N come Nolan. Fin qui si parlava della sua freddezza, dote evidenziata da Di Donato. A Siena si è visto soprattutto un difensore arcigno e aggressivo che ha preso a sportellate senza tanti complimenti Cesarini e Polidori all’occorrenza. Magari non bellissimo ma efficace fino al 95’ quando gli sfugge Guidone…

O come otto. Il numero di maglia di Fabio Foglia e Matteo Serrotti, due giocatori che hanno fatto la fortuna della mediana amaranto fino allo scorso maggio e che ieri si sono destreggiati da avversari. Ne è venuta fuori una prova tra qualità, geometria e corsa. Il pensiero di tutti in questo caso è scontato.

P come Polidori. L’ultimo giocatore ad aver colorato di amaranto il derby del Franchi.
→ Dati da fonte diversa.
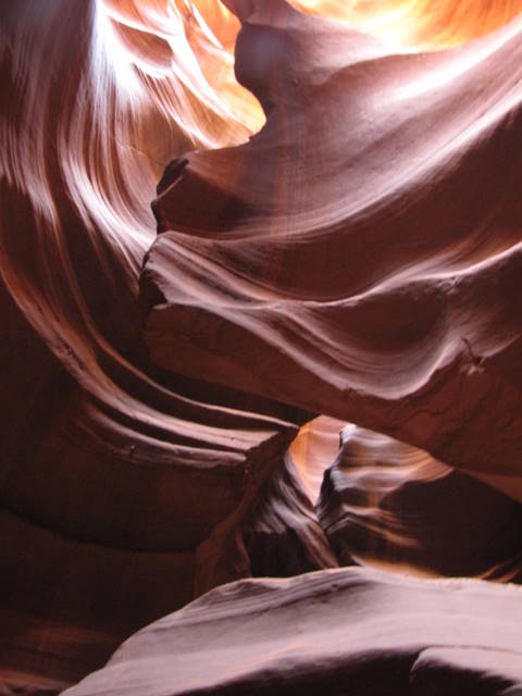19 oktober. Aan het ontbijt met ei en verschillende soorten cornflakes beslissen we een dag langer in de buurt van Page te blijven. Er is teveel wat we graag willen zien. Na even skypen met de ouders van Rhianne starten we met een tour door de Antilope Canyon. In een 4×4 rijden we vanaf de parkeerplaats door een grote zandweg, grappend genoemd de Navajo Highway. De canyon zelf is van meer dan ongekende schoonheid. Gisteren vonden we het jammer dat we niet alleen konden ontdekken nu vinden we het minder erg. De canyon is onbeschadigd en onze gids blijkt erg goede fotografie tips te kunnen geven. De canyon is een slotcanyon wat inhoudt dat deze van boven nagenoeg gesloten is en beneden iets ruimer. Door de kurketrekkerachtige vormen is het bijna onmogelijk om lelijke foto’s behalve dan als ze bewogen zijn of met flits gemaakt worden. Er zijn heel veel verschillende kleuren rood, geel en oranje te zien. In onze groep blijken een aantal mensen met dure camera’s rond te lopen die niet eens weten hoe ze de ISO waarde moeten aanpassen. Beetje jammer en gelukkig voor die mensen maakt onze gids met hun camera’s wel prachtige foto’s. We zullen er hier een paar plaatsen en de rest komt te zijn er tijd in de gallery van de website.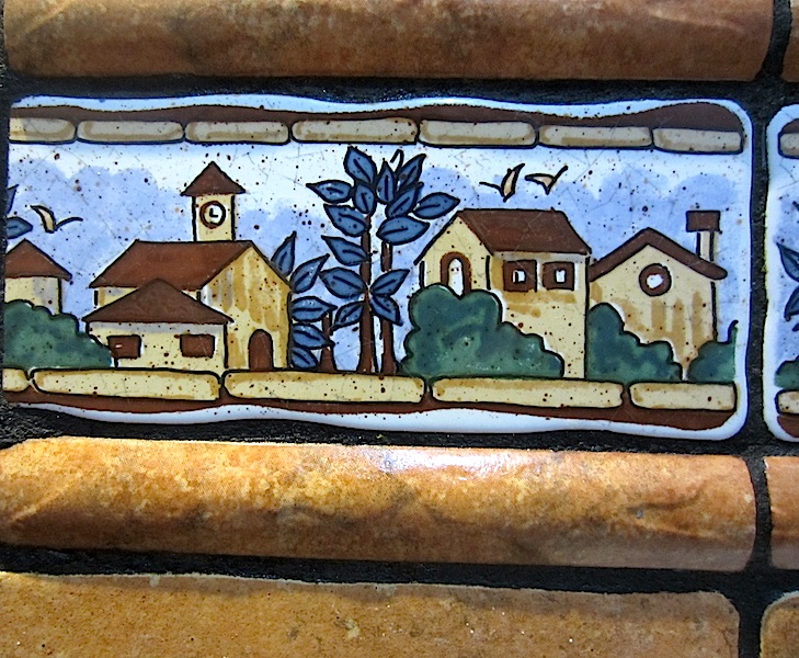 Loo art. These tiles were part of a narrow band of tiles running around the inside of a toilet. The overall height of the blue portion was about 50mm.

Un giocatore cresciuto in amaranto, tornato in viale Gramsci più maturo ed esperto. Lo spauracchio alla fine è rimasto tale una una serata non proprio ricca di rifornimenti grazie anche alla prova di Ceccarelli e dei braccetti.

Q come quattro. I punti che l’Arezzo ha lasciato tra Crema e Siena dove al vantaggio amaranto è seguito il pari degli avversario. A farlo presente il post del direttore sul proprio profilo Facebook che non è passato inosservato. Dal pari maturato in pieno recupero, al rosso di Rolando passando poi per la terza mensilità saldata in giornata per arrivare a lanciare un monito a chi crea dissenso per rimandare “i topi nelle fogne”.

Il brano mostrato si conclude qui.